Please note that dims is a now deprecated alias for shape.

Relation#

A RDF subject-predicate-object triplet. Relations are currently not explored in data models, but are included because of their generality. However, relations are heavily used in collections.

Identifiers#

Instances are uniquely identified by a universally unique identifier (UUID), which is a 128 bit label expressed as a string of the form xxxxxxxx-xxxx-xxxx-xxxx-xxxxxxxxxxx, where the xes are hexadecimal digits in the range [0-9a-fA-F].

Since data models are a subclass of instances, as described above, they are also uniquely identified by their UUID. The UUID of a data model is calculated as a version 5 SHA1-based UUID hash of the data model URI using the DNS namespace (with an optional final hash (#) or slash (/) stripped off).

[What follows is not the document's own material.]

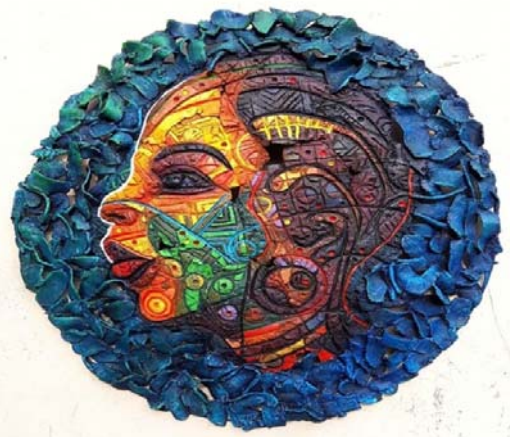
Fig 5 Chuks Chukzmore, Black is Beautiful , Acrylic

The traditional bullet proofs, e.g. the Benin or Idah Soldier with "Coat of Mail" , as shown in Fig. 7, is made entirely of metals or shells of resilient nuts. So either way, it could be metal or wood sculpture. This is not the case with El Anatsui's logoligi or Society Woman's Cloth .
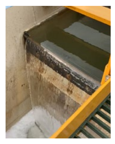
Monroe X-Flo Mobile Clarifier™ for treatment of wastewater (produced water, drilling mud, etc.) from oil and gas hydraulic fracking operations. System provided TSS removal and oil/water separation for 300 GPM flow.

Furthermore, to allow identifiers to be used in triplestores, they can also be normalised to (potentially) resolvable IRIs. The columns in the table below list the three representations of identifiers. Any representation can be considered an ID, while normalised IDs are valid IRIs.

ID

Normalised ID

Corresponding UUID

Note

uuid

ns / uuid

uuid

uri / uuid

uri / uuid

uuid

uri

uri

hash of uri

name

ns / name

hash of name

before v0.6.0

name

ns / name

hash of ns / name

v0.6.0+

Explanation of the symbols used in the table

  • uuid is a valid UUID. Ex: “0a46cacf-ce65-5b5b-a7d7-ad32deaed748”

  • ns is the predefined namespace string: “http://onto-ns.com/data”

  • uri is a valid URI with no query or fragment parts (as defined in the RFC 3986 standard). Ex: “http://onto-ns.com/meta/0.1/MyDatamodel”

  • name is a string that is neither a UUID or a URL. Ex: “aa6060”.

Note

The way a UUID is calculated from an ID of the form of a name was changed in version 0.6.0.

The reason for this change is to ensure that the same UUID is obtained, regardless of whether it is calculated from the name or its corresponding normalised ID.

The behavior can be controlled with the namespacedID behavior.

Any ID can uniquely be converted to a normalised ID and any normalised ID can uniquely be converted to a UUID. Most importantly, using a normalised ID or UUID as an ID will result in the same corresponding UUID.

Going back is also possible. A UUID can be converted to a normalised ID (ex: uuid -> ns / uuid) and a normalised `ID can be converted to an ID (ex: uri -> uri). However, these conversions are not unique.

The id form is convenient for human readable identifiers. But please note, that such id’s must be globally unique. it is therefore recommended to use normalised IDs instead. These are also valid IRIs and can be used knowledge bases.

The tool dlite-getuuid can be used to manually convert URIs to their corresponding UUIDs (or normalised IRI).